▶ WHAT YOU NEED TO DO
Your output should consist of the lines from the first line of the records below through the one with "一見普通の田んぼと代わりがな", exactly, minus the pictures.

▶ RECORDS SHOWN

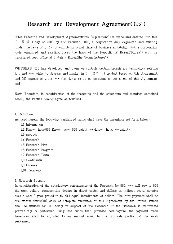 9,000원/월Research and Development Agreement양식입니다.18개조항으로 구성되어 있습니다.
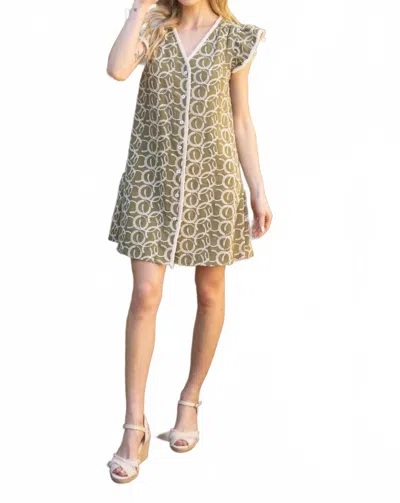 The perfect mini dress for those warmer months.Introducing the Trace Mini Dress by VOY, a stunning choice for your vacation wardrobe with its eye-catching olive and ivory pattern. This women's A-line dress boasts short sleeves and a V-neckline, with a charming flutter hem detail at the back. The button closure adds a classic touch to the playful silhouette. Perfect for spring, this dress aligns with the maximalist trend, bringing a unique flair to your wardrobe.
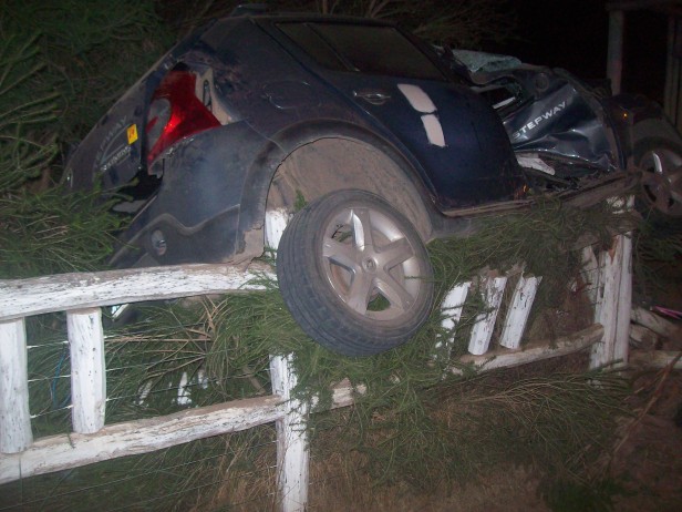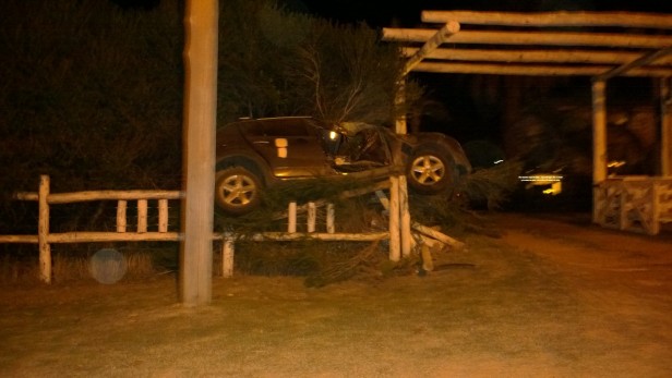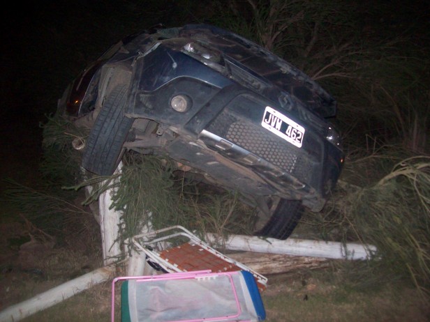 El mismo, de manera difícil de explicar, quedó sobre el cerco perimetral de la Posada El Destino, mirando hacía el restaurant Lo de Cacho. Por cuestiones milagrosas, el joven recibió, en principio heridas leves, sin dudas la fortuna estuvo del lado del adolescente, ya que nadie salía, se estaba por producir el cambio de turno, del parador en el momento del accidente. Más temprano, alrededor de las 20 horas, un Peugeot 206 conducido por una menor de 15 años, también a alta velocidad,  del lado opuesto al último accidente, rompió el cerco de madera, pasó por debajo de unos árboles y se metió dentro de la Posada El Destino. El propietario de uno de los paradores costeros, le señalo a La Radio Ramallo: “Esto es tierra de nadie, las picadas se repiten todas las noches, acá no hubo más accidentes de milagro”. Al cierre de este informe, los bomberos trabajaban en el lugar, ya que el vehículo había quedado con una pérdida de gas. Foto: (Gentileza Jonathan Bianchi).
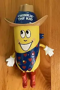 Twinkie the Kid is the mascot for Twinkies, Hostess's golden cream-filled snack cakes.[1] He is a registered trademark of Hostess Brands. He made his debut in 1971.[2] He has appeared on product packaging, in commercials and as related collectible merchandise, except for a brief period between 1988 and 1990.
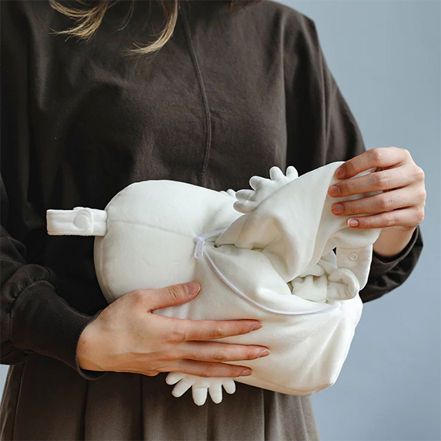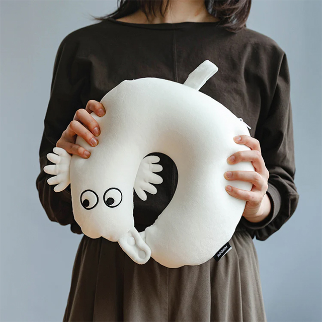 ネックピローにもニョロニョロの形をしたクッションにも変形できる2WAYまくら。
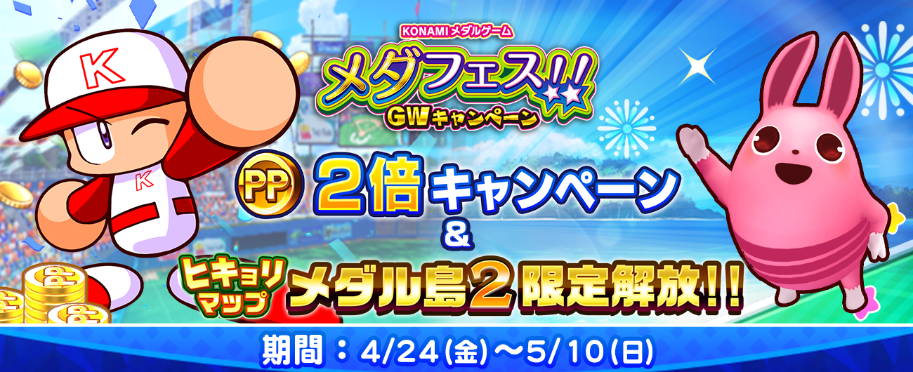 4/24~5/10までPP2倍キャンペーン&ヒキョリマップにメダル島2を限定解放!
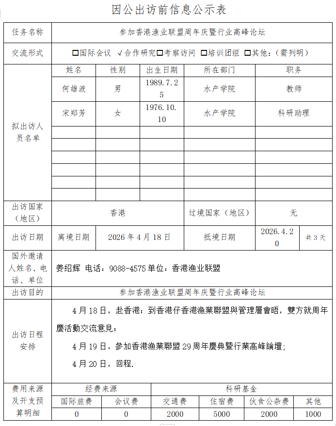 根据《关于进一步规范省部级以下国家工作人员因公临时出国的意见》的要求,现将威廉中国因公出访信息予以公示(详见附件)。公示时间为2026年4月10日至4月16日。如有意见,请在公示期内,向相关单位反映。
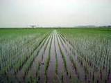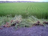一見普通の田んぼと代わりがないように見えますが、紙マルチ(5月24日付農場だより参照)を敷いています。田んぼに近づいてみると紙がまだ敷かれているのが分かります。そろそろ分解が進んでなくなってきます。そうなると除草剤等の化学薬品を使っていない田んぼなので雑草が生えやすくなってしまいます。とは言ってもそれまでに稲も生長するので、生え放題、というまではいかないんですけどね。
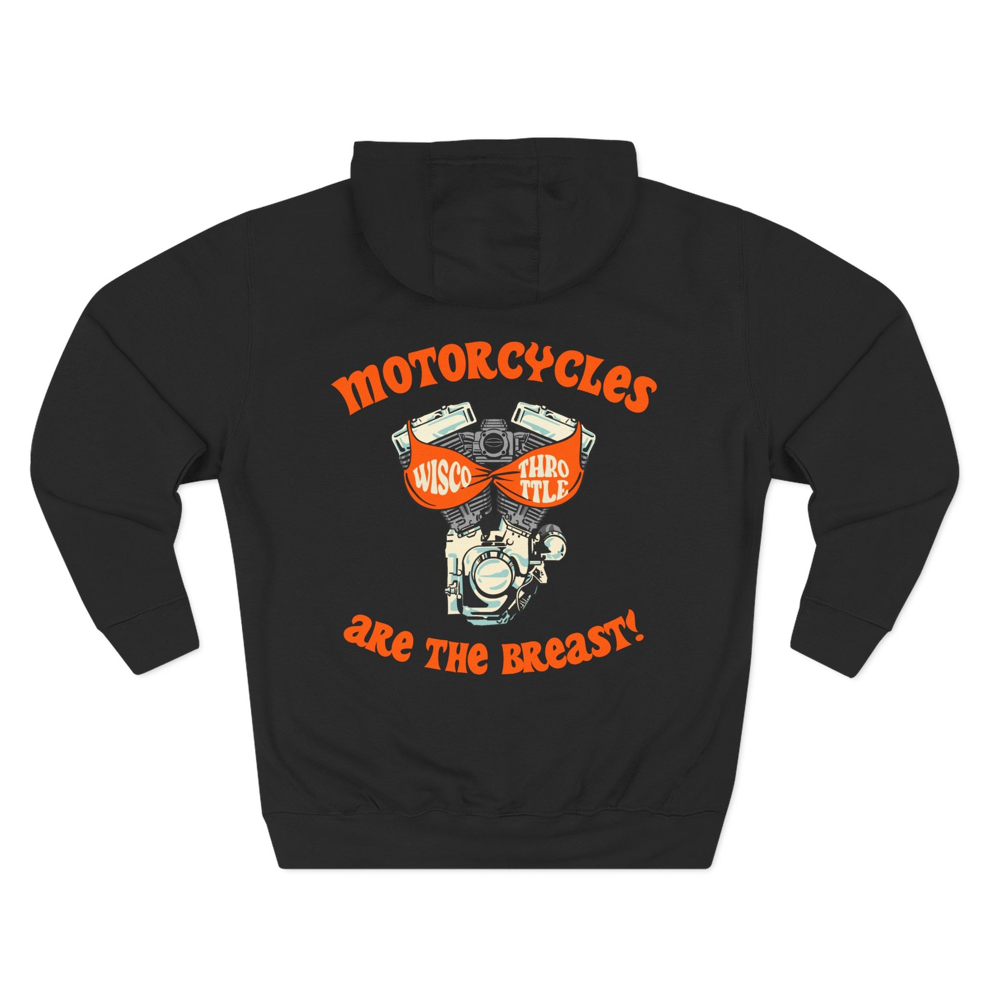 Who doesn't love a good set of (Harley) jugs? Perfect hoodie for the upcoming colder weather! This hoodie is very soft and cozy, made with three panel fleece lining - not your typical boxy cotton hoodie. Small WT logo on the front chest area, with the "Motorcycles are the BREAST!" on the back. Unisex sizing, S-3XL.

▶ EXERCISE SOLUTION
 9,000원/월Research and Development Agreement양식입니다.18개조항으로 구성되어 있습니다.
 The perfect mini dress for those warmer months.Introducing the Trace Mini Dress by VOY, a stunning choice for your vacation wardrobe with its eye-catching olive and ivory pattern. This women's A-line dress boasts short sleeves and a V-neckline, with a charming flutter hem detail at the back. The button closure adds a classic touch to the playful silhouette. Perfect for spring, this dress aligns with the maximalist trend, bringing a unique flair to your wardrobe.
 El mismo, de manera difícil de explicar, quedó sobre el cerco perimetral de la Posada El Destino, mirando hacía el restaurant Lo de Cacho. Por cuestiones milagrosas, el joven recibió, en principio heridas leves, sin dudas la fortuna estuvo del lado del adolescente, ya que nadie salía, se estaba por producir el cambio de turno, del parador en el momento del accidente. Más temprano, alrededor de las 20 horas, un Peugeot 206 conducido por una menor de 15 años, también a alta velocidad,  del lado opuesto al último accidente, rompió el cerco de madera, pasó por debajo de unos árboles y se metió dentro de la Posada El Destino. El propietario de uno de los paradores costeros, le señalo a La Radio Ramallo: “Esto es tierra de nadie, las picadas se repiten todas las noches, acá no hubo más accidentes de milagro”. Al cierre de este informe, los bomberos trabajaban en el lugar, ya que el vehículo había quedado con una pérdida de gas. Foto: (Gentileza Jonathan Bianchi).
 Twinkie the Kid is the mascot for Twinkies, Hostess's golden cream-filled snack cakes.[1] He is a registered trademark of Hostess Brands. He made his debut in 1971.[2] He has appeared on product packaging, in commercials and as related collectible merchandise, except for a brief period between 1988 and 1990.
 ネックピローにもニョロニョロの形をしたクッションにも変形できる2WAYまくら。
 4/24~5/10までPP2倍キャンペーン&ヒキョリマップにメダル島2を限定解放!
 根据《关于进一步规范省部级以下国家工作人员因公临时出国的意见》的要求,现将威廉中国因公出访信息予以公示(详见附件)。公示时间为2026年4月10日至4月16日。如有意见,请在公示期内,向相关单位反映。
一見普通の田んぼと代わりがないように見えますが、紙マルチ(5月24日付農場だより参照)を敷いています。田んぼに近づいてみると紙がまだ敷かれているのが分かります。そろそろ分解が進んでなくなってきます。そうなると除草剤等の化学薬品を使っていない田んぼなので雑草が生えやすくなってしまいます。とは言ってもそれまでに稲も生長するので、生え放題、というまではいかないんですけどね。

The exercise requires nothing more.